AMP has “strenuously denied” it broke the law when it characterised a Clayton Utz report delivered to ASIC as ‘independent’, while accepting many of the royal commission’s other findings.

AMP made public its submission to the banking royal commission on Friday, responding to the lengthy closing statement of counsel assisting Rowena Orr QC on Friday, 27 April.

In her closing statement, Ms Orr said it was open to Commissioner Hayne to find AMP’s conduct might have amounted to misconduct in relation to the Clayton Utz report by breaching s1308(2) and (3) of the Corporations Act (relating to false or misleading statements) and s64 of the ASIC Act (relating to false information).


Clayton Utz was commissioned by the board of AMP on 5 June 2017 to investigate the ‘fee for no service’ issue at the firm.
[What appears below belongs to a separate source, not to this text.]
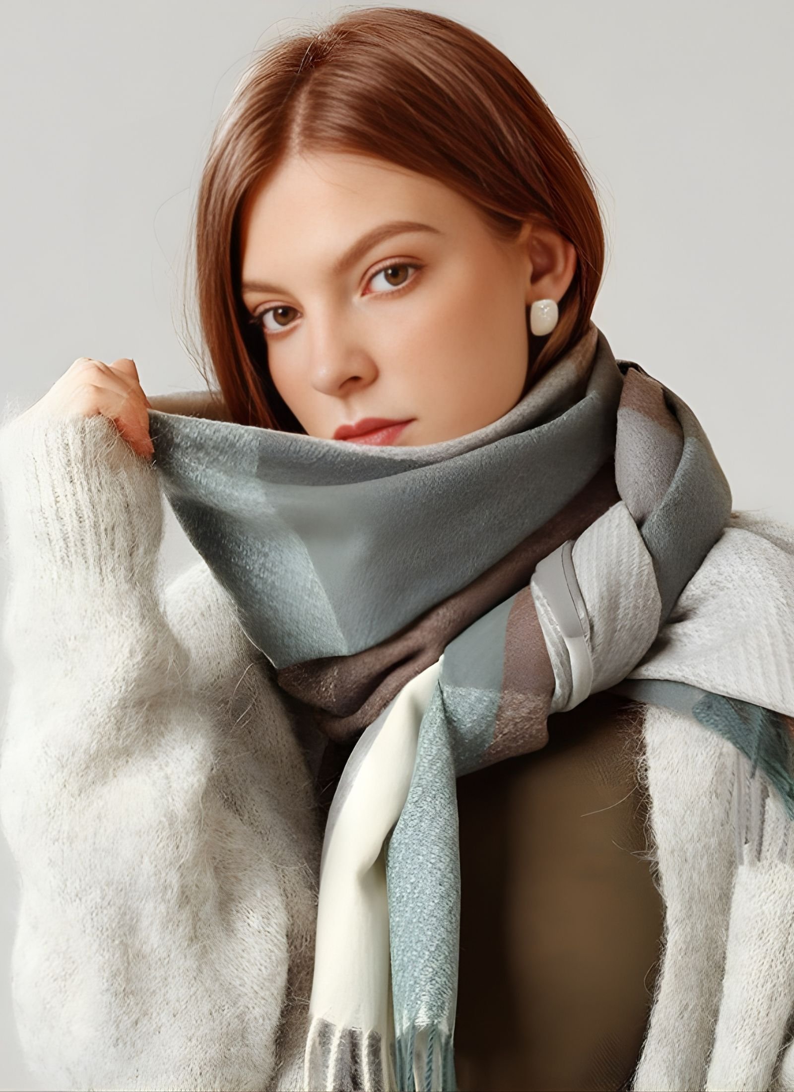 This plush accessory is an oversized, warm shawl or scarf made from a thick, cozy material (likely a wool or cashmere blend) ideal for wrapping up in cold weather. The design is a contemporary plaid/checkered pattern with broad blocks of color, combining sophisticated shades of dusty sage green, warm taupe/brown, light gray, and cream white. The ends of the scarf are finished with a delicate, short fringe. Its generous size makes it versatile: it can be loosely draped over the shoulders as a shawl or wrapped snugly around the neck for maximum warmth and style.
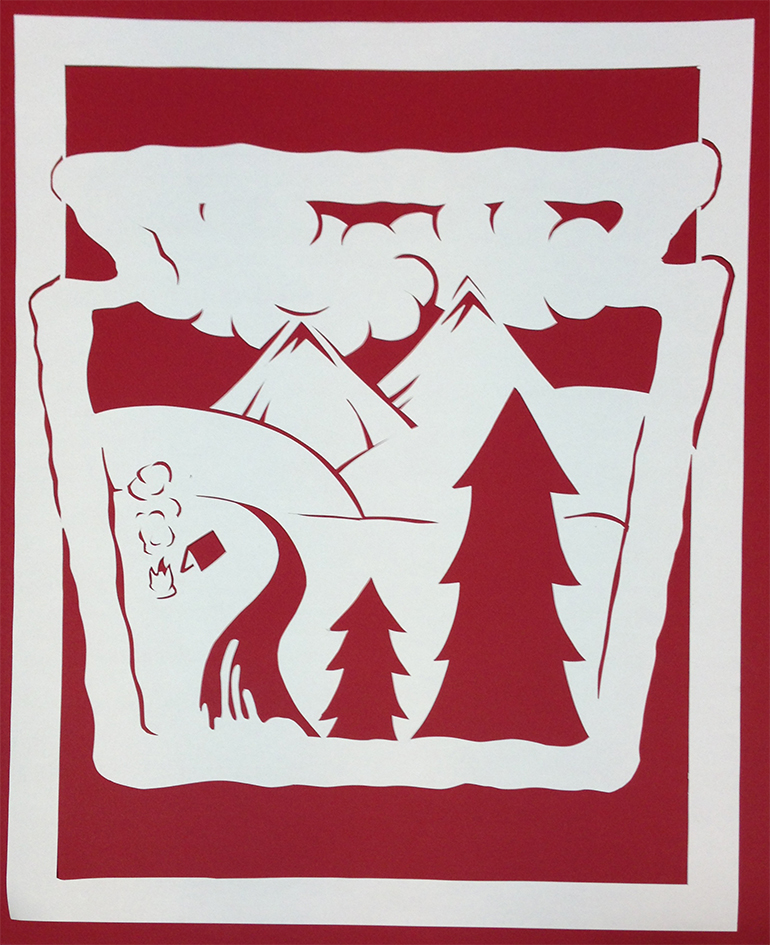 The student will develop an understanding of the possibilities inherent in Line, Organic/Geometric Shapes, Negative/Positive Space, Figure/Ground Reversal, Representational/Nonrepresentational Shapes and Balance. The student will become more articulate in the craft of cutting paper. The student's understanding of 2D design as applied to the creation of visual effects will become more observant. The student will create a cut paper design. This design can be nonrepresentational or representational and be comprised of organic or geometric shapes, or a combination of all of the above.

According to AMP’s submission, it includes interviews with 27 current and former employees and is “uncompromisingly direct” in its assessment of governance, culture and procedural shortcomings within AMP.

In her statement, Ms Orr said there was a reasonable basis for concluding that AMP “knew that the representation that the report and the findings made within it were entirely independent was materially incorrect.”

AMP has contested that potential finding of the royal commission, arguing in its submission “there is no evidence to suggest that the Board, including the former Chairman and former CEO, acted inappropriately in relation to the preparation of the report”.

Furthermore, said AMP, the board was "not aware of the nature and extent of the interaction during the preparation of the report”, and there is “no evidence that Clayton Utz made any changes to the report that they did not agree with or that they do not stand behind the report”.

Finally, AMP said the extent of the interactions between AMP and Clayton Utz have been “overstated”.

Specifically, Ms Orr “suggested or implied” that 700 emails had been exchanged between AMP and Clayton Utz, said the AMP submission.

AMP claims that this number counts attachments as well as the email they are attached to, and that the real number is 255. Even this number overstates the interaction, says AMP, since it contains “duplicates, progress updates and communications of an administrative nature”.

While AMP contests the royal commission’s findings relating to the independence of the Clayton Utz report, it accepts a series of other findings against it.

The submissions accepts that the charging of fees for no service by AMP might have accounted to misconduct, and that this conduct was attributable (at least in part) to the culture and governance practices at AMP.

AMP accepts its communications with ASIC may have amounted to misconduct, but it denies it misled ASIC on 20 separate occasions (putting the number at 12).

AMP also accepted that "it is open" that its conduct in misleading ASIC was attributable to the culture and governance practices at the firm.